DATA:
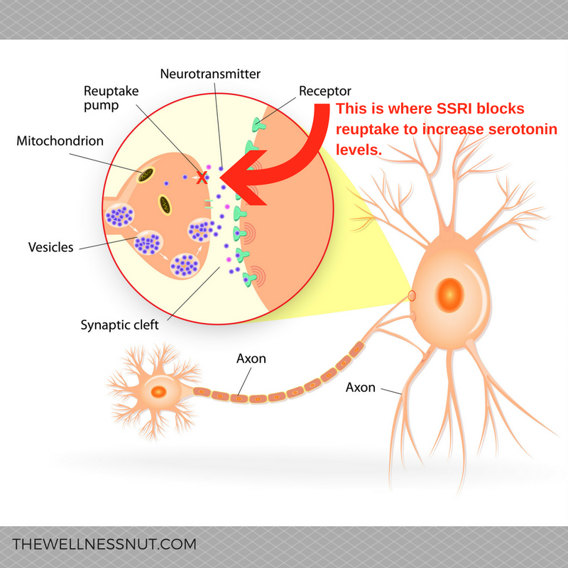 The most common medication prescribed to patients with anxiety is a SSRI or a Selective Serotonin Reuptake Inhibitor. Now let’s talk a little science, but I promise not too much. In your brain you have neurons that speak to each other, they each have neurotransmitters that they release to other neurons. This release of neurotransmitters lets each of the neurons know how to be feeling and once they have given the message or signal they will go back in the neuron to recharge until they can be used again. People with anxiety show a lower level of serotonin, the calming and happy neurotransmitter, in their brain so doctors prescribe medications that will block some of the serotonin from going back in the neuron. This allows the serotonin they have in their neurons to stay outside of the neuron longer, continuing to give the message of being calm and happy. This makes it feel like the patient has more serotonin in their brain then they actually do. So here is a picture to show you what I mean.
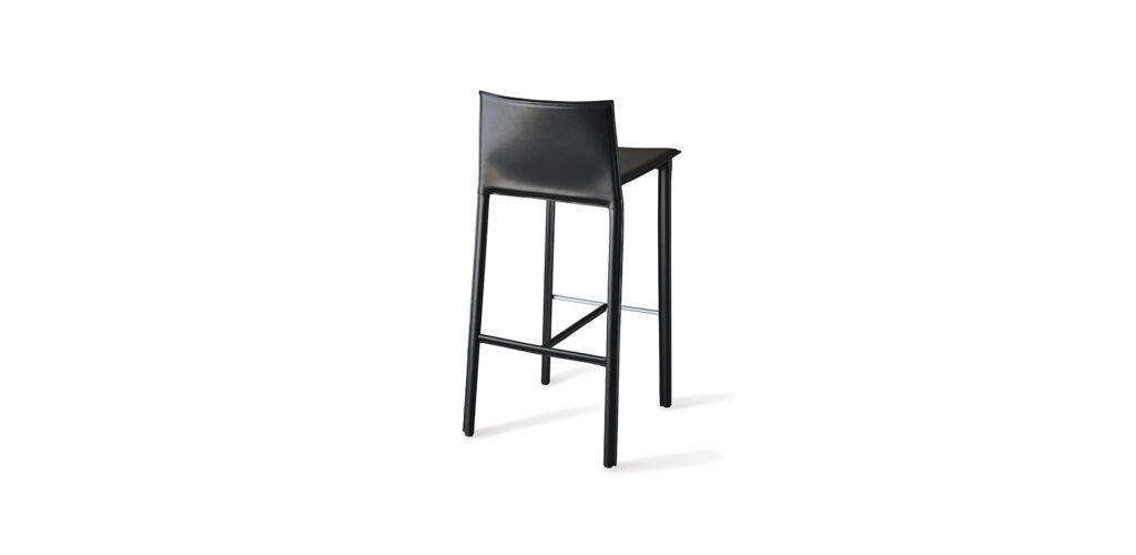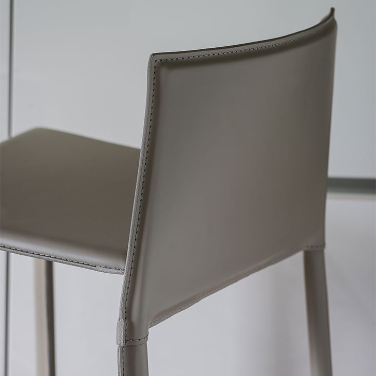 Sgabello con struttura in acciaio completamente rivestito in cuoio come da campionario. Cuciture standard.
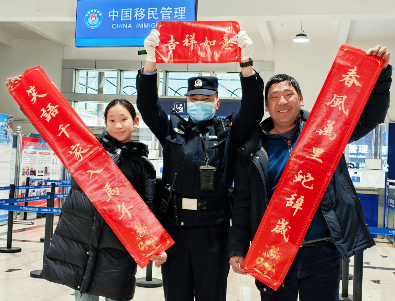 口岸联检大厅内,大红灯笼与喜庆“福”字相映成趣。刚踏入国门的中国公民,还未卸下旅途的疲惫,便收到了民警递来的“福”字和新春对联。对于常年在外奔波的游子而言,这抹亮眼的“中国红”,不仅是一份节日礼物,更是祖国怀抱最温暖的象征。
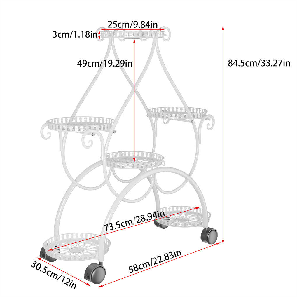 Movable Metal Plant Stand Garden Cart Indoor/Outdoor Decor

* * *

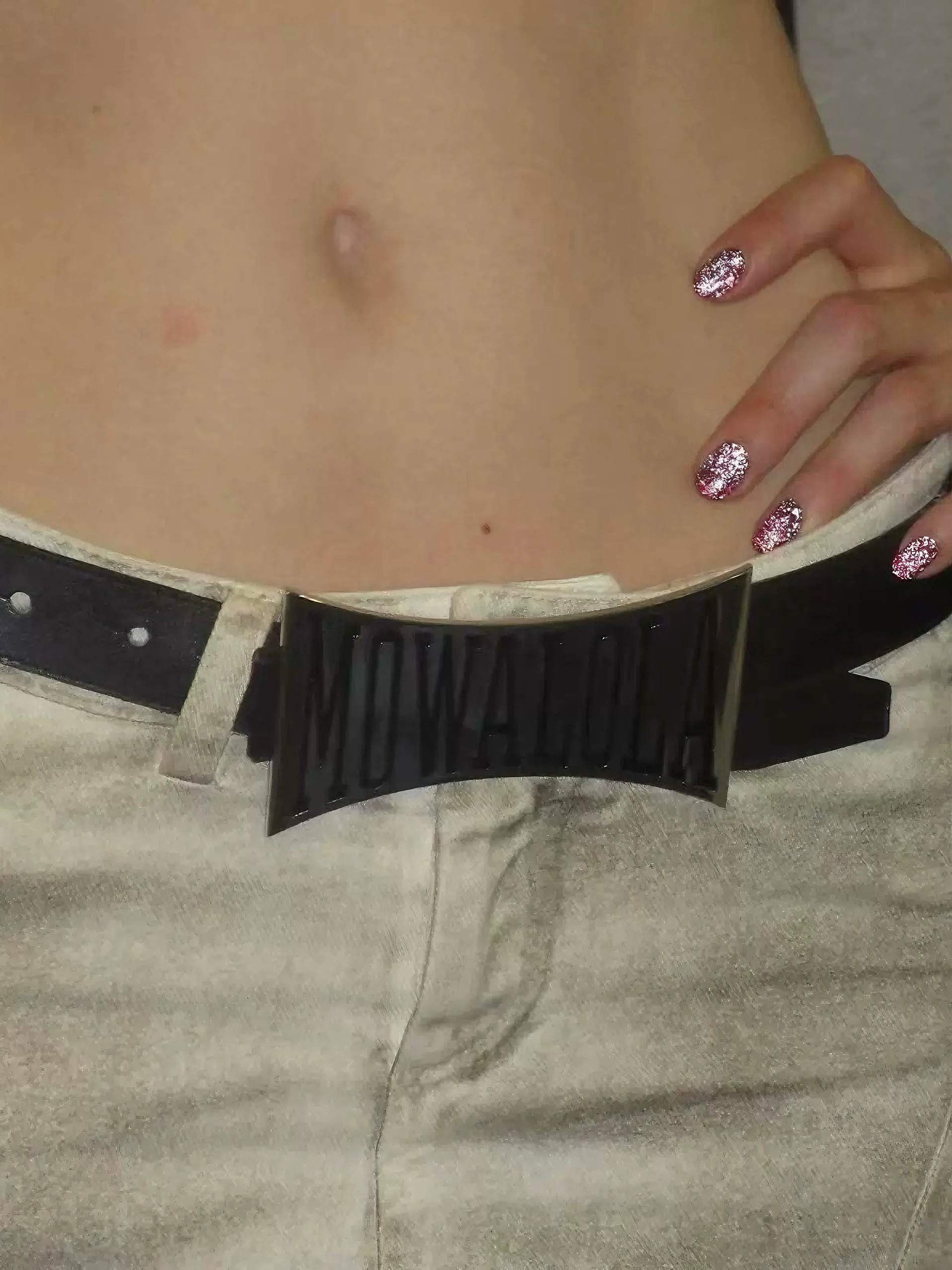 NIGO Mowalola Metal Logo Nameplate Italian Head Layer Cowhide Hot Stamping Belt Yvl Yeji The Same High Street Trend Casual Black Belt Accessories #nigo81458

* * *

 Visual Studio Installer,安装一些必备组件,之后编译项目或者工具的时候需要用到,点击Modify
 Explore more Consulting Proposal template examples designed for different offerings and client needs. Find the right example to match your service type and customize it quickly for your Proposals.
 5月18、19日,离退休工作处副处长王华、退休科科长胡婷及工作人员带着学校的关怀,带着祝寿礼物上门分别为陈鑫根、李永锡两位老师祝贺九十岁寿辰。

ABOUT THIS EXERCISE: With the pictures removed from your copy, retype the lines above from the one that contains "口岸联检大厅内,大红灯笼与喜" through the one that contains "Movable Metal Plant", exactly.

SOLVED EXERCISE:
 口岸联检大厅内,大红灯笼与喜庆“福”字相映成趣。刚踏入国门的中国公民,还未卸下旅途的疲惫,便收到了民警递来的“福”字和新春对联。对于常年在外奔波的游子而言,这抹亮眼的“中国红”,不仅是一份节日礼物,更是祖国怀抱最温暖的象征。
 Movable Metal Plant Stand Garden Cart Indoor/Outdoor Decor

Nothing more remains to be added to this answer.